Friday, May 24, 2013

Kummerspeck

A friend sent me a marvelous list of foreign words that don't have an equivalent in English.  It is missing one such word that I use frequently:  saudade, which, in Portuguese, is an extreme longing or homesickness for someone or something or some place.  The Brasilians who stayed here, and especially the ones who have remained in our lives all these years, and I use this term all the time--it's a very long time between visits, so there is much saudade.

While most of the words on this list are totally unpronounceable, the first word on the list is one I think I can pronounce easily. (don't ask me how to pronounce "mamihlapinatapai," which is in the Yaghan language of Tierra del Fuego and describes that special look shared between two people, when both are wishing that the other would do something that they both want, but neither want to do.)  The pronounceable word is "Kummerspeck," which is German for "excess weight from emotional overeating, or, literally, 'grief bacon'."

What a marvelous word.  If I didn't already have sebendy-leben blogs already, I'd start a new one just to call it "Kummerspeck" and then decide how to tailor the content to the title!  I have suffered from Kummerspeck my whole life and just never knew it before!  I feel like Anne Sullivan teaching Helen Keller what "water" is..."It has a name...It has a name!"
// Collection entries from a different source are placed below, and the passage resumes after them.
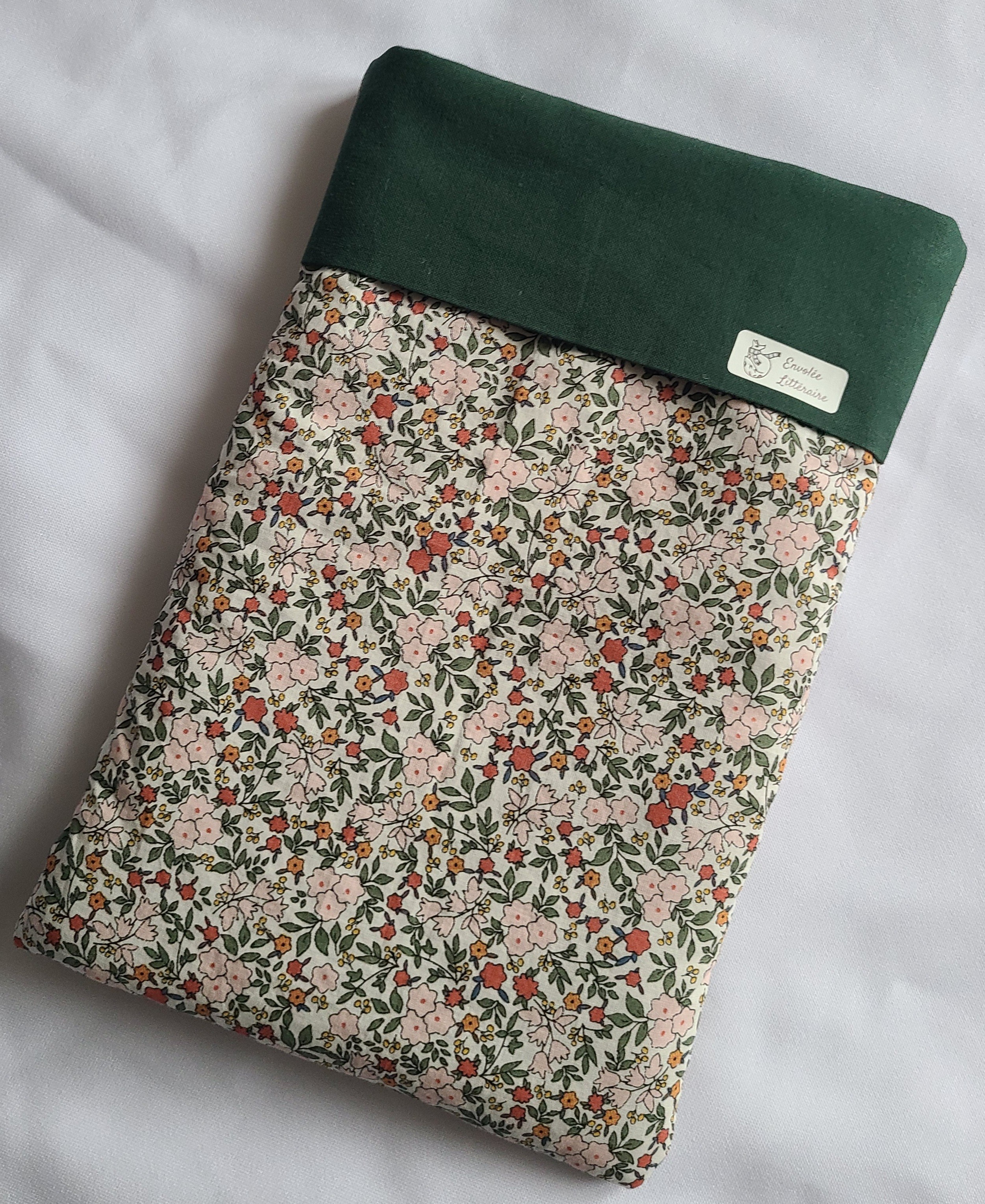 Le rabat de la pochette permet sa fermeture sans pression ou cordon. Le livre ou la liseuse ne peuvent tomber de la pochette.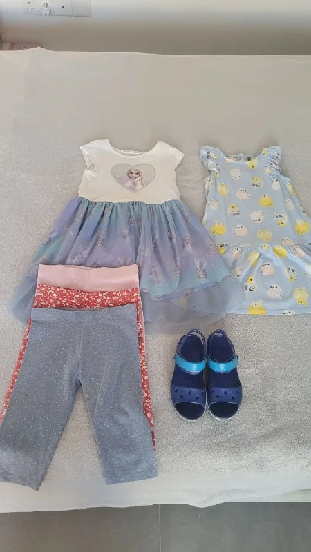 Продам 2 платья на рост 110-116( h&m и crockid)+ леггинсы3/4(next)+ босоножки crocs( c12)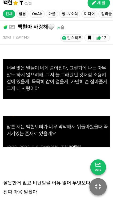 + 탈덕문이라고 올리는 팬(남의 버블 사진 가져와서 인증하는 팬코말고) 다시 돌아오지 말아주라. 내용보니까 결국 망상이 반이고 정병들이 날조하고 다니던 그 내용대로 썼던데 오래된 팬이라면 여기서 백현이 가장 많이 욕 먹는 것도 알았을텐데 판에다 그렇게 먹잇감을 줬다는 건..음...걍 조용히 가고 제발 돌아오지 말아줘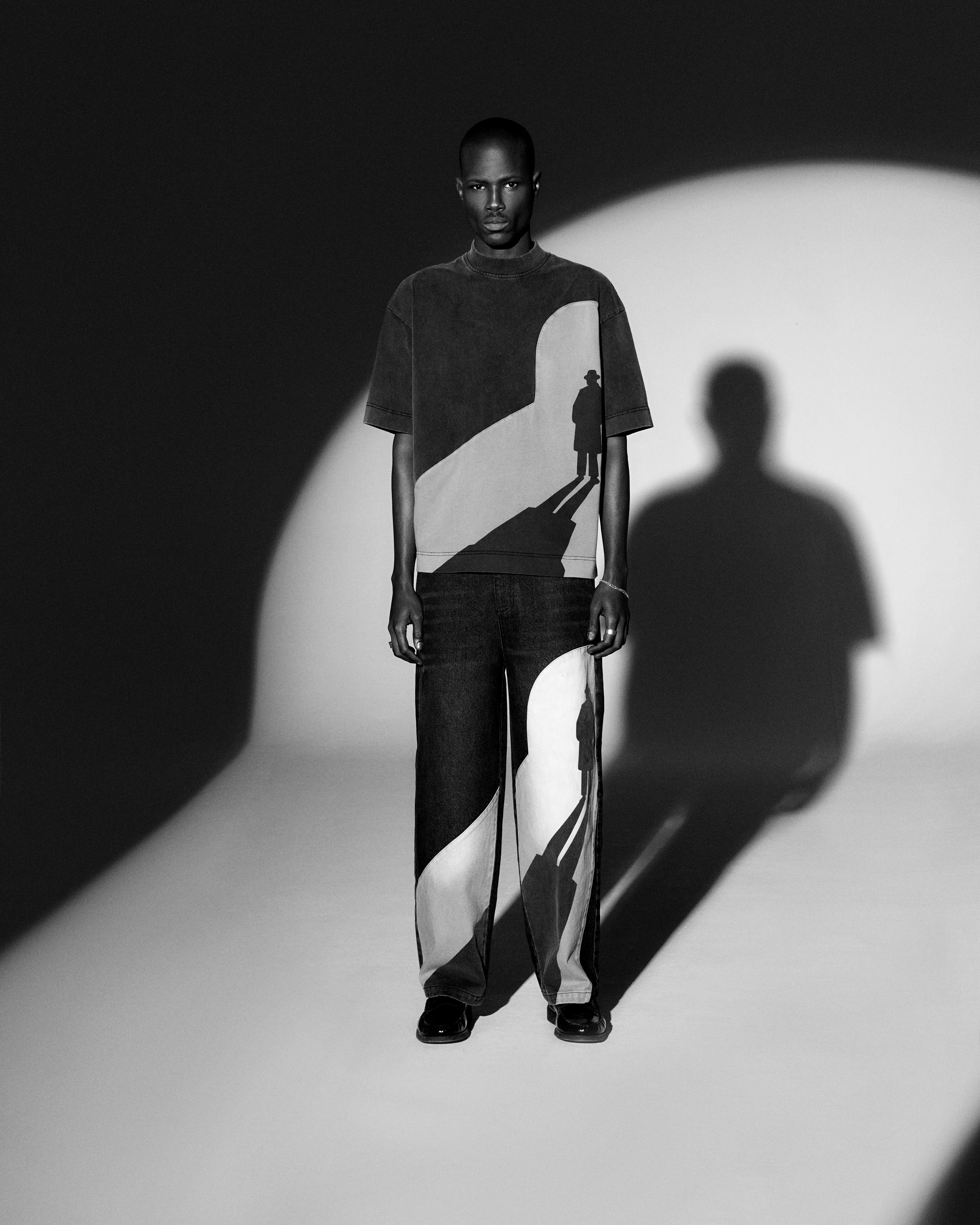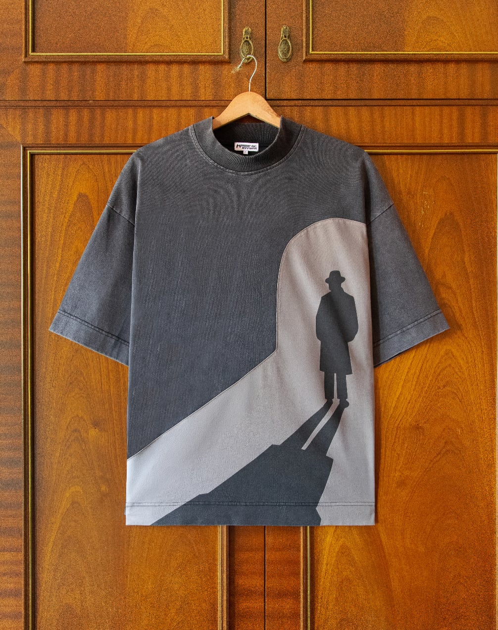 サードマンのシルエットモチーフのアップリケパネル(スクリーンプリント入り)

And if I weren't before, I am definitely in the throes of a nice episode of Kummerspeck right now.  Trying to juggle all the things that need to be done to get my mother up here on Saturday has me scarfing down food without even realizing that I've eaten anything until after it's all gone.

Kummerspeck.  I like it.

This morning I ran around town getting last minute things done.   On the way to Target, Ed called me (a call I took on the bluetooth in the new car.   Have I mentioned I love that car?) and we talked about the status with money and other things about moving.  He feel bad about not being there on Saturday, but thinks that with so many other people around he would probably just be in the way and he needed the rest and would stop by and see her on Tuesday, which is probably going to be better.   Less confusing for her with fewer people.

I bought a shower curtain and rings to install in the bathroom, then got toilet paper, tonic, ice cream, and ice cream cones to go with her vodka and cashews and took it all to the apartment and got the curtain up, but couldn't close most of the rings, so Walt went and finished the job later in the afternoon.

In the afternoon, I worked at Logos.  Lemme tell ya, working at the book store was so far off my radar screen that I had to literally force myself into "book store mode."  

Just before I went to work, I received the bill for my mother's first month at Covell.  They only overbilled us by $6,000.  Billed us for two payments she made already.  Naturally I called right away and was told that the billing person was presently busy and would get right back to me.  I have discovered that this seems to be the standard answer at Covell.  The person you want to reach is always busy and is always going to "get right back to me" and never does.

At 4:30, naturally I had not heard from her so I called again (the glory of being able to take your cell phone with you to work!).  And, of course, she had gone for the day, but would call me tomorrow.  I'm afraid I made a bit of a stink about how we haven't even moved in yet and I'm already fed up with the runaround I get every time.  The person on the phone told me she would talk with the manager and he would "get right back to me."

I had little hope, but he actually did and we actually had a very nice talk.  I have the feeling that the left hand doesn't always know what the right hand is doing in that place.  For example, he told me that when my mother moves in, someone would bring her a set of keys.  I probably should NOT have admitted that we already have keys (at least I didn't admit that we have three sets of keys!)   He assured me that this was not their policy and that he would talk with his staff about it.  I hope I didn't get anybody in trouble. I had been told throughout the signing up process that as soon as all the paperwork was finished and all the money paid, we had possession of the apartment and they would give us keys.

Owell...that's their problem to work out.

The next thing to keep me awake is worry about whether the movers will actually show up on Saturday.  They are supposed to call me tomorrow.

Walt is driving me down to Terra Linda tomorrow and I will stay there until the movers come on Saturday and then drive her up and help her get settled and stay to have dinner with her the first night.


3 comments:

Mary Z said...

Lots of hugs and happy thoughts for you and the folks this weekend. Remember to occasionally take a minute or two for yourself to be alone and take a few deep breaths, or shed a few tears...maybe lock yourself in a bathroom(?).

Mary Z said...

p.s. I love Kummerspeck, too. Can you e-mail me the list of words?

Sian said...

Breathe - remember to breathe...and deeply! I am sure you are doing the right thimg moving your Mom to Davis.